## Your instructions
What is wanted is every line below from the one with "01 - 03 | 5 | 1 |" up to and including the one with "Nonetheless, the prices", retyped exactly, pictures excluded, nothing else.

## Available data
━━━━━━━━━━━━━━━━━━━━━━━━━━━━━━

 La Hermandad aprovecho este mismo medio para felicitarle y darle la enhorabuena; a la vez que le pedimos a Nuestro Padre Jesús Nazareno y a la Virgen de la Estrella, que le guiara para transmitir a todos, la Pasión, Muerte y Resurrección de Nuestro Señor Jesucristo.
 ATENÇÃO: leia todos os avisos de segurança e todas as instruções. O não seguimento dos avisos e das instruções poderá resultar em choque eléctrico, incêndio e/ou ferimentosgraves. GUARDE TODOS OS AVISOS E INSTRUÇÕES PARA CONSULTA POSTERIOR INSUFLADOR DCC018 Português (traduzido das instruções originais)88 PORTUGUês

━━━━━━━━━━━━━━━━━━━━━━━━━━━━━━

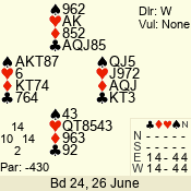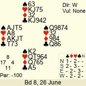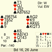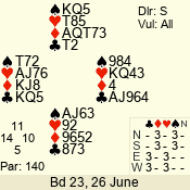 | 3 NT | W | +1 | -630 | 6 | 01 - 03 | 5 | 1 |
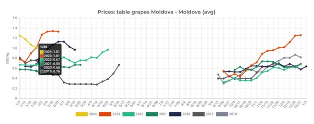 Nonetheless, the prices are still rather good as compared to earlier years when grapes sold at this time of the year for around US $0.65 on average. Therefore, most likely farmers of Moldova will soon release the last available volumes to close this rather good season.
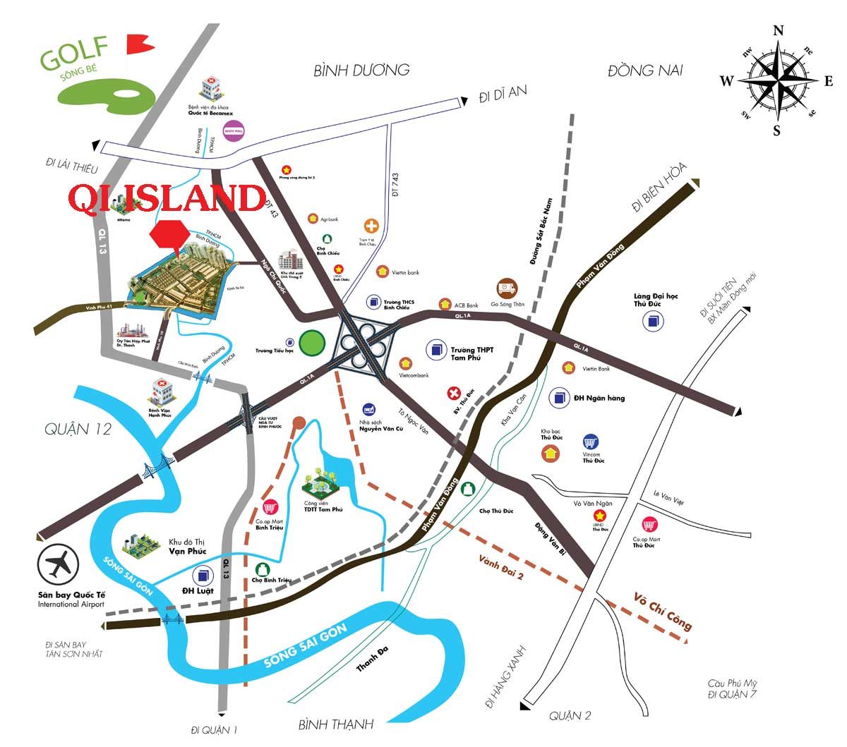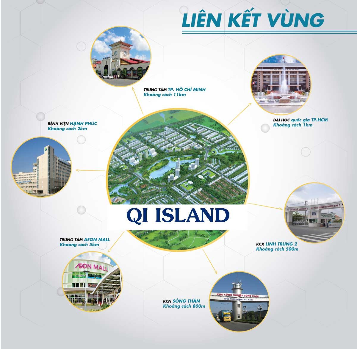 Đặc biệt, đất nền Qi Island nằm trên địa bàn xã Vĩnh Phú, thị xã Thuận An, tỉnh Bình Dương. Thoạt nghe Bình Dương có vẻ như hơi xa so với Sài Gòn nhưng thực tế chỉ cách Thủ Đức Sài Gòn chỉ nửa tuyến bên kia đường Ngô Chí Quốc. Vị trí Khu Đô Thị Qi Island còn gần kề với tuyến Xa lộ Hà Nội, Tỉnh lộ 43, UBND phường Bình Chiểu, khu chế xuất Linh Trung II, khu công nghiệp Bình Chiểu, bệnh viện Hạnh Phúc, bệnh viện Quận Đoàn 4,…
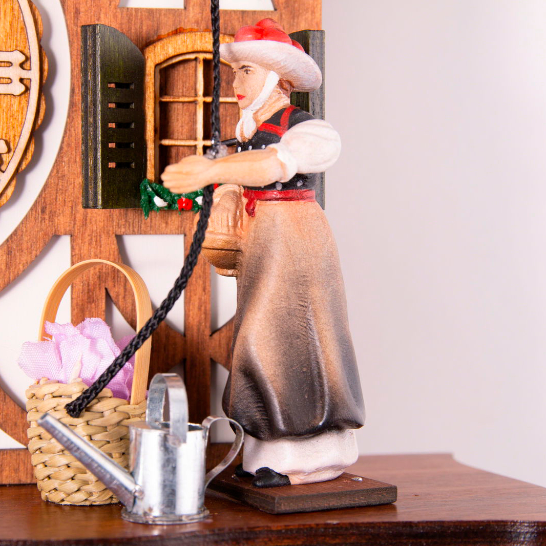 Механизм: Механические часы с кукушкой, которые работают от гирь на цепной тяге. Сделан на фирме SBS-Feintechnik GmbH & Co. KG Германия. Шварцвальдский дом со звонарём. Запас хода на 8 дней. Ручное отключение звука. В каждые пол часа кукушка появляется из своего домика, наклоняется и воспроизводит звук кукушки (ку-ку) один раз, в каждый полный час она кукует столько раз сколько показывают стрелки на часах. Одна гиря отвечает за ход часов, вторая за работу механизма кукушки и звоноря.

━━━━━━━━━━━━━━━━━━━━━━━━━━━━━━

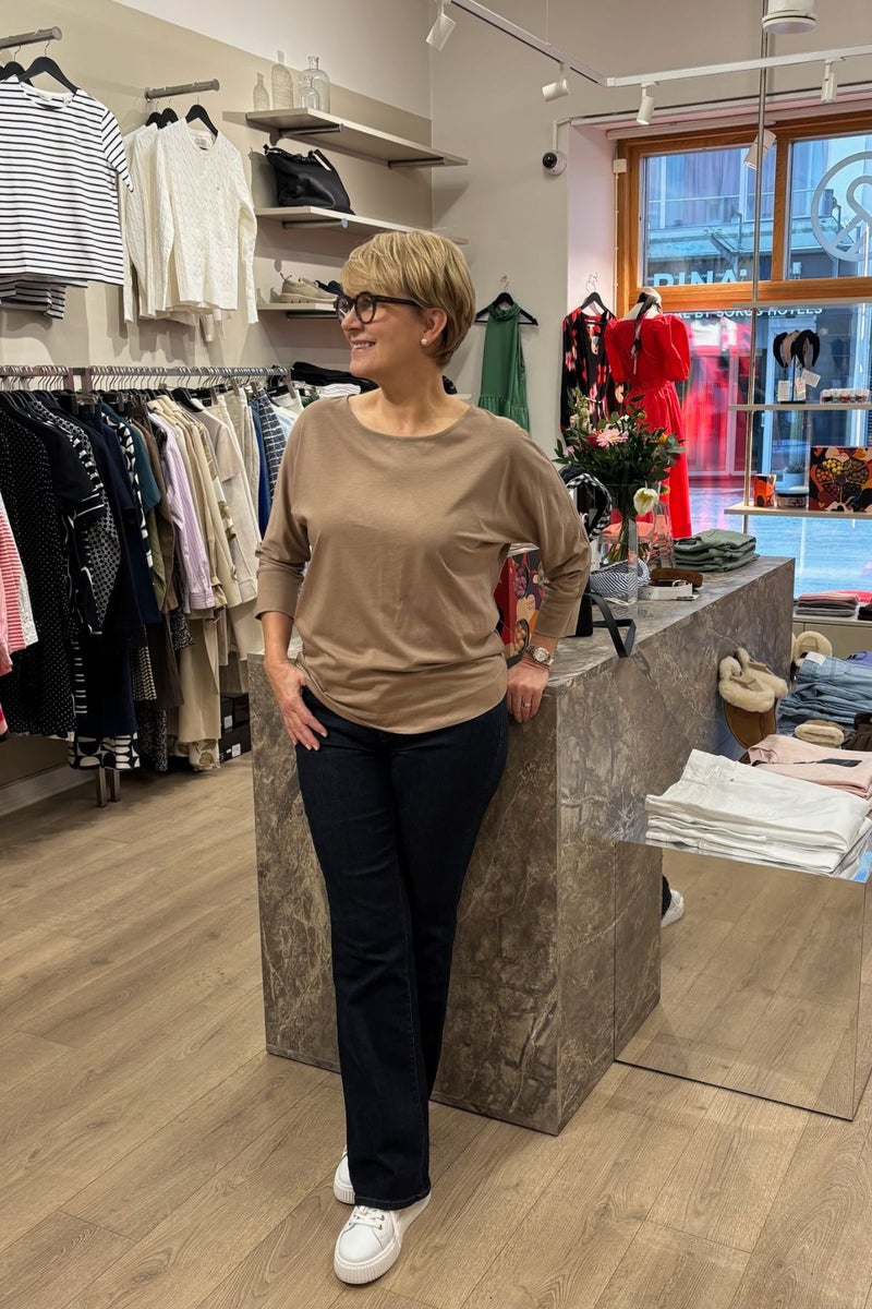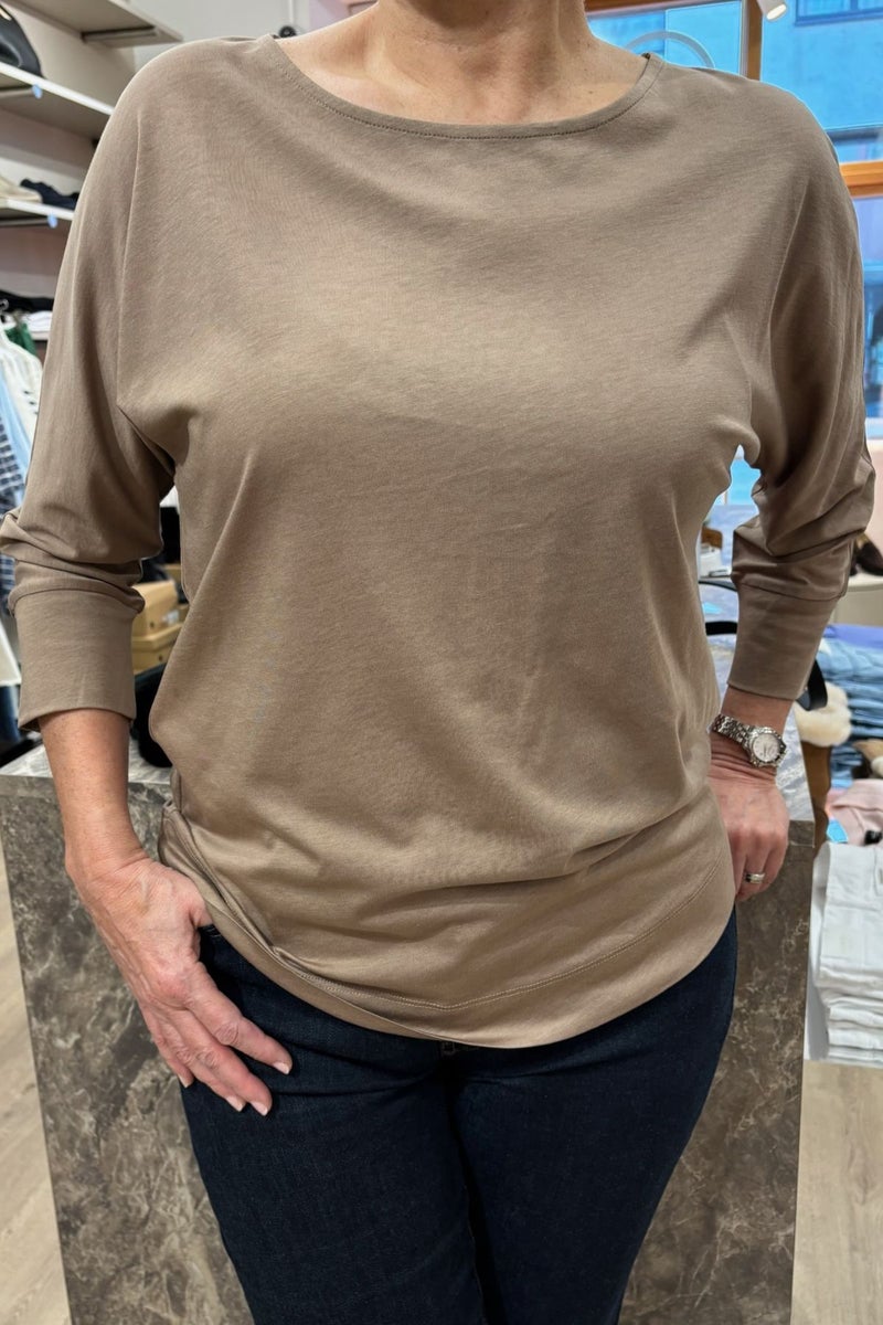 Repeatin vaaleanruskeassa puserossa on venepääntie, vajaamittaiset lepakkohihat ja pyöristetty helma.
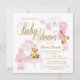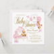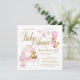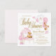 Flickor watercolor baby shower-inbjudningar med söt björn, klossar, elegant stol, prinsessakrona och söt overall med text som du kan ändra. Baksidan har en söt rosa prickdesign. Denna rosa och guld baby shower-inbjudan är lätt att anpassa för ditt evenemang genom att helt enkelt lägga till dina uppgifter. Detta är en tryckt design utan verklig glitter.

━━━━━━━━━━━━━━━━━━━━━━━━━━━━━━

## Answer box
 | 3 NT | W | +1 | -630 | 6 | 01 - 03 | 5 | 1 |
 Nonetheless, the prices are still rather good as compared to earlier years when grapes sold at this time of the year for around US $0.65 on average. Therefore, most likely farmers of Moldova will soon release the last available volumes to close this rather good season.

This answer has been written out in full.